This model assumes that the ability for player $j$ deviates from the true intercept, $\beta_0$, by $b_j$. It assumes that the $b_j$'s are normally distributed with mean zero and common variance.

Fitting the Model

Orthogonal Polynomials

This model is fairly complex so care must be taken to ensure that there are no numerical issues when fitting the model. One step that will help is to decompose the age vector into orthogonal polynomials.
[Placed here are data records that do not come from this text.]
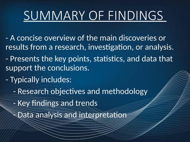 SUMMARY OF FINDings report in powerpoint presentation | PPTX
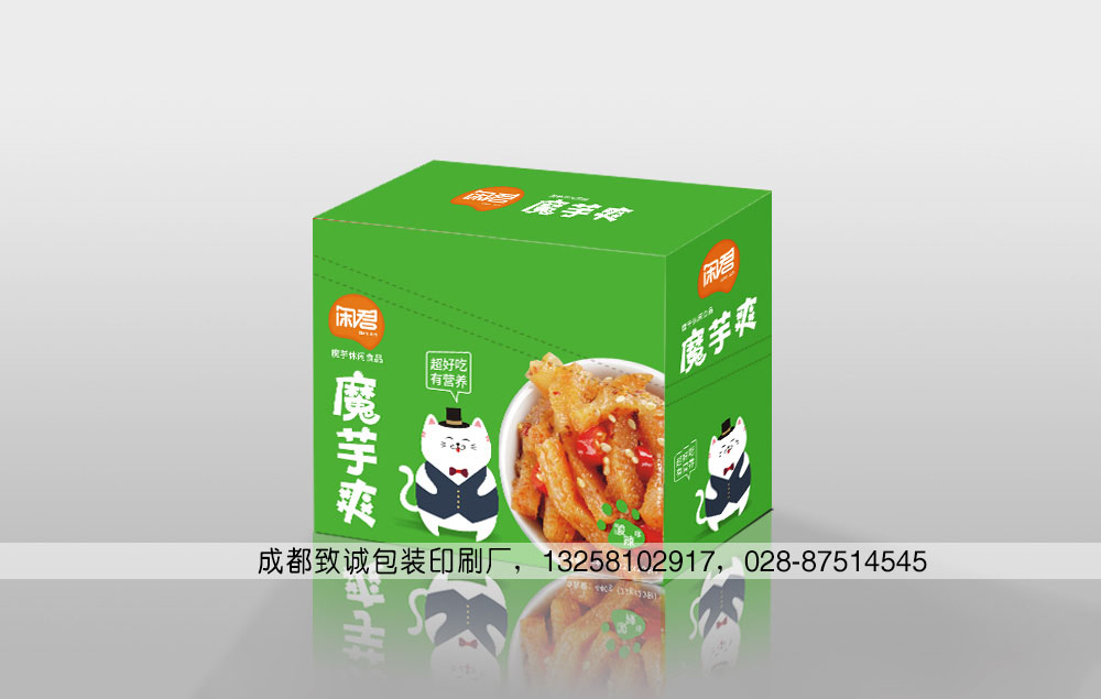 素毛肚又名魔芋爽,因其是用魔芋粉制成而得名;魔芋爽既有毛肚的爽脆口感、又有素菜的美容瘦身功能,所以受到廣大好吃嘴的喜愛,在超市的零食區總是能看到素毛肚整齊的擺放在貨架上,有的是一袋袋的,也有的是一盒盒的,我公司專業為各大廠家定制生產各類食品紙盒,也包括素毛肚包裝盒,如下面這款:
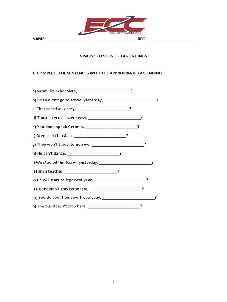 NAME REG. Visions Lesson 1 Tag Endings 1. Complete The

In R, orthogonal polynomials can be found using the poly() function (Kennedy and Gentle, 1980).

orthog_age <- poly(stats$age, degree = 2) 
model_ages <- orthog_age %>% 
  data.frame() %>% 
  setNames(c("a1", "a2"))
model_data <- cbind(
  stats %>% dplyr::select(mlbid, name, age, score, woba), 
  model_ages
  )
head(model_data)

By decomposing age, we have created two new variable a1 and a2. a1 will function as the linear term and a2 will function as the squared term in the model. These terms are linearly independent and centered at zero so they will be less likely to cause numerical issues.

The `lmer` Function

Multilevel models can be fit in R using the lmer function from the lme4 package. The (1+a1+a2|mlbid) notation indicates that the intercept, linear, and quadratic terms will vary by mlbid.

library(lme4)
model <- lmer(woba ~ a1 + a2 + (1+a1+a2|mlbid), data = model_data, 
              weights = (score / 1000) ^ 30)
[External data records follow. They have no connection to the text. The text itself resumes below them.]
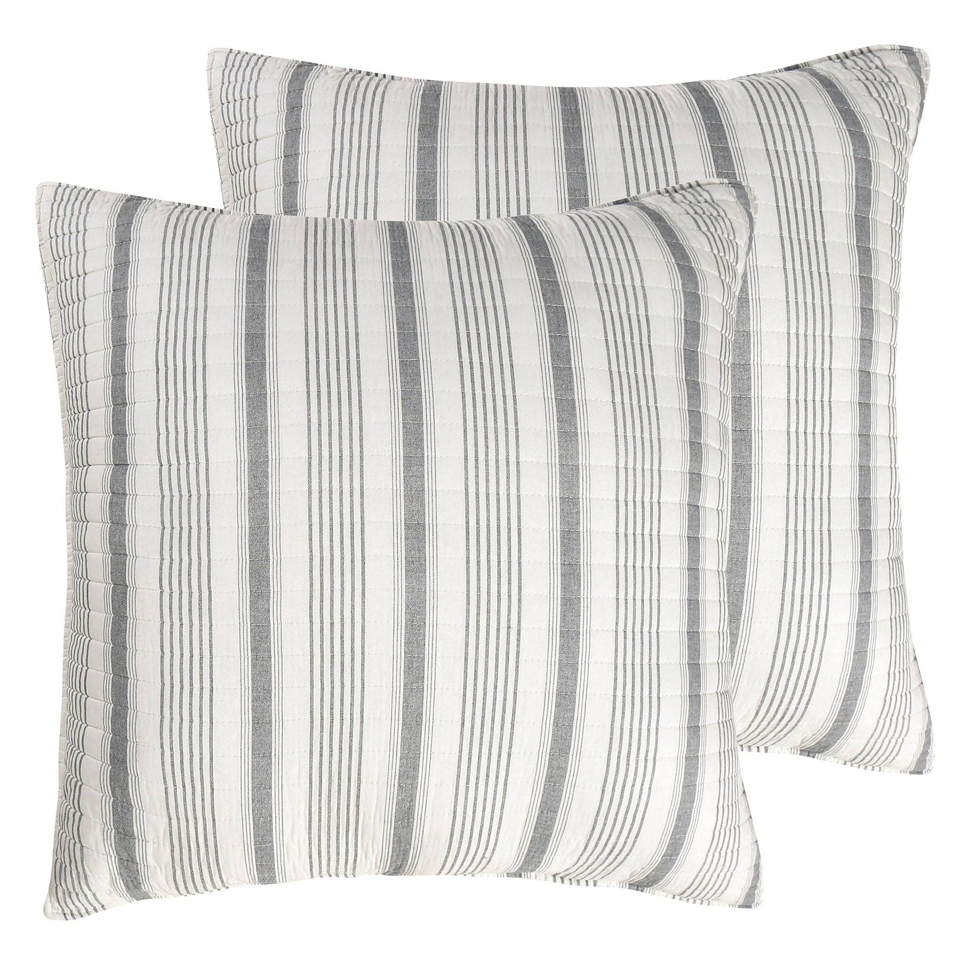 The Camden Euro Shams (Set of 2) - Quilt Back Stripe match perfectly with the Levtex Home Camden bedding collection. These pillow shams are 26x26in. and feature a simple yet sophisticated subtle farmhouse stripe in grey on a cream quilted ground. These shams will complete the look of your bed and also provide an extra layer to lean back on while propped up in bed! This product comes as a set of two, and are unfilled. Enjoy for years to come!
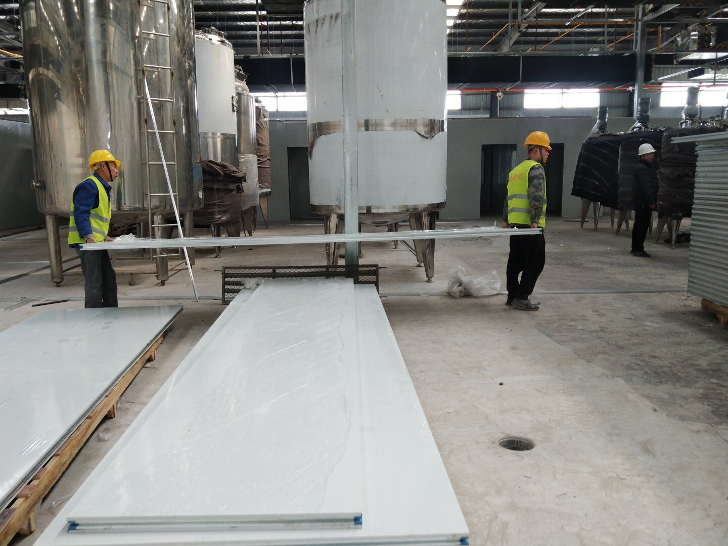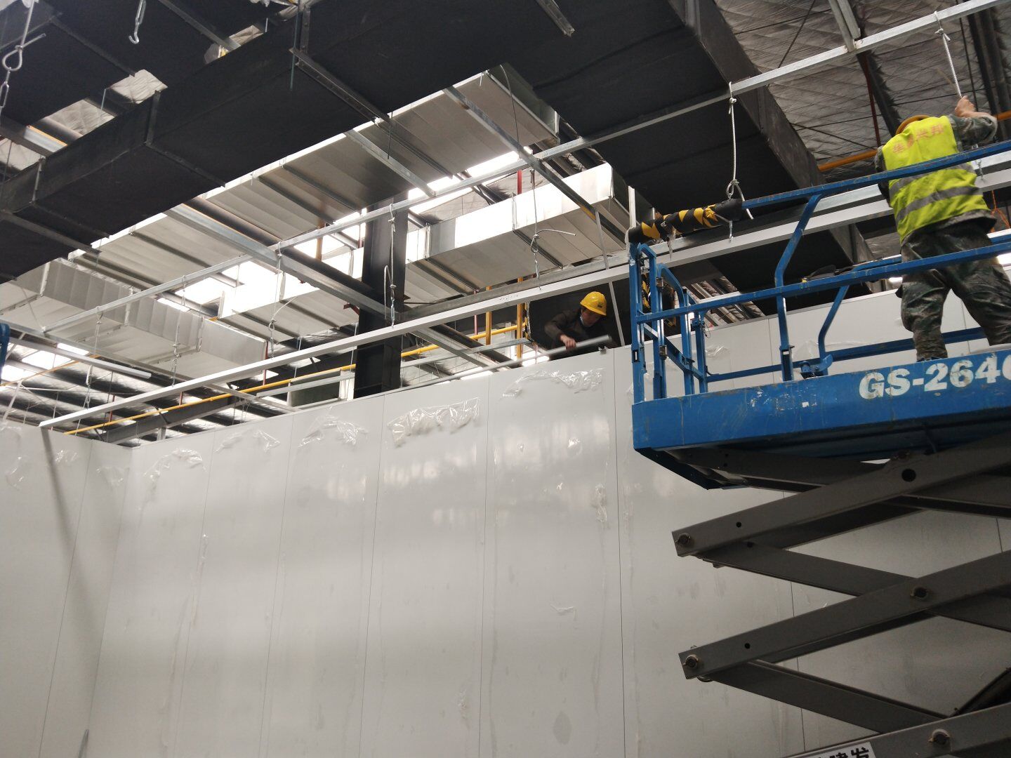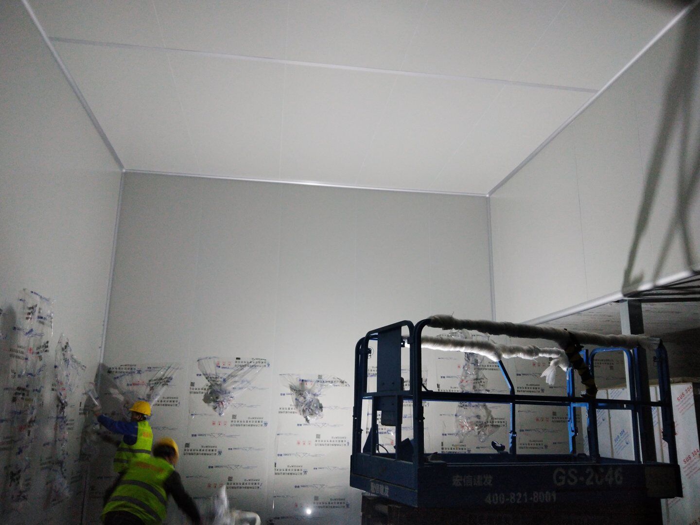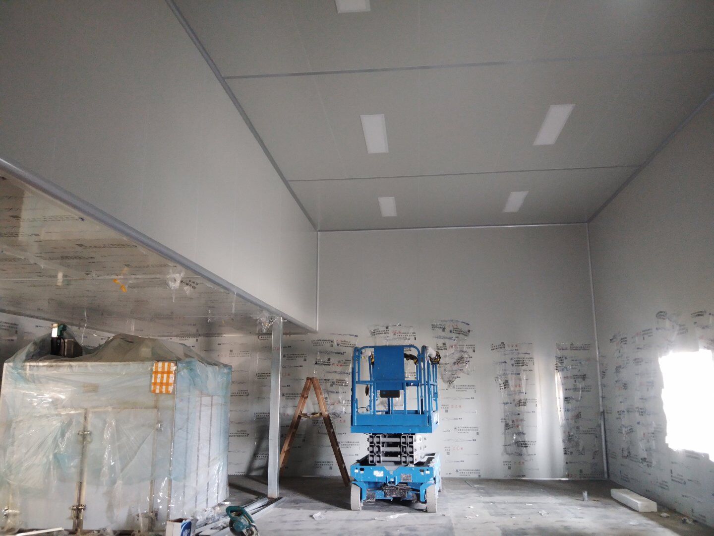 1,除預(yù)留設(shè)備通道外的彩鋼板墻板完成; 2,彩鋼板頂板完成80%。
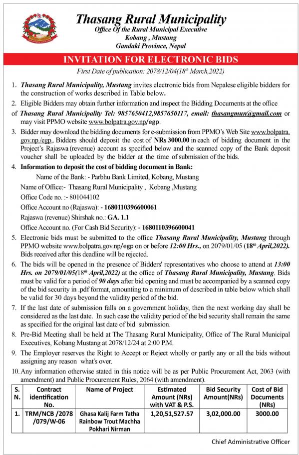 INVITATION FOR ELECTRONIC BIDS - Ghasa kalij Farm tatha Rainbow Trout Machha Pokhari Nirman
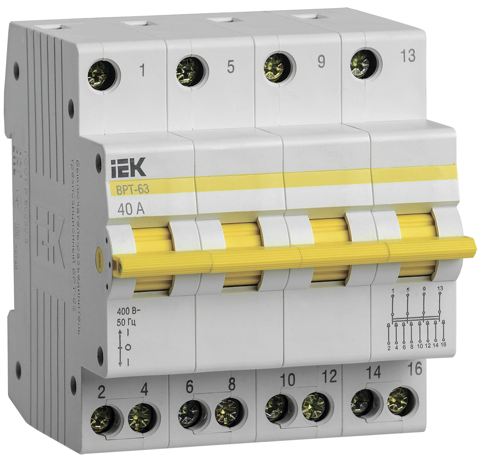 Наименование: Выключатель-разъединитель трехпозиционный ВРТ-63 4P 40А IEK
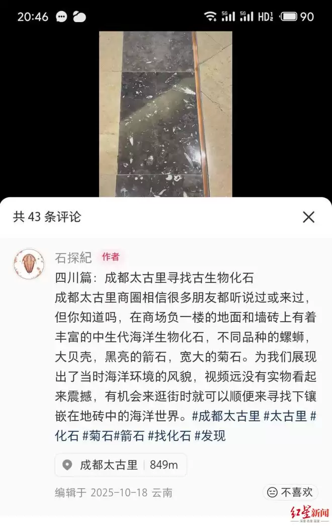 3月24日,红星新闻记者联系上博主@石探紀——庄先生,他是云南大学古生物学与地层学专业硕士,接触古生物化石13年。“太古里比较出名,当时我在成都,恰好就看到了古生物的化石。”庄先生回忆。

Note that a warning is thrown. This indicates that there are still serious numerical issues with the model. Before continuing, the model should be refit with different parameters. We will change the power used in the weights here, but other options could be to change the number of comps, use different variables when generating comparable players, or use the simpler model.

model2 <- lmer(woba ~ a1 + a2 + (1+a1+a2|mlbid), data = model_data, 
              weights = (score / 1000) ^ 500)

Simpler `lmer` Model

If we wanted to fit the simpler model instead of changing the weights, the following code would be used. The (1|mlbid) notation indicates that only the intercept varies by player.

library(lme4)
model_simple <- lmer(woba ~ a1 + a2 + (1|mlbid), data = model_data, 
              weights = (score / 1000) ^ 30)

Extracting Information before Plotting

There are three things that we need to obtain before plotting:

1) The focus player's performance to date 2) The average curve from the model: $\beta_0 + \beta_1 * age_i + \beta_2 * age_i^2$ 3) Simulated curves from the model

Focus Player's Performance

We need to filter the data to select only Domonic Brown's information.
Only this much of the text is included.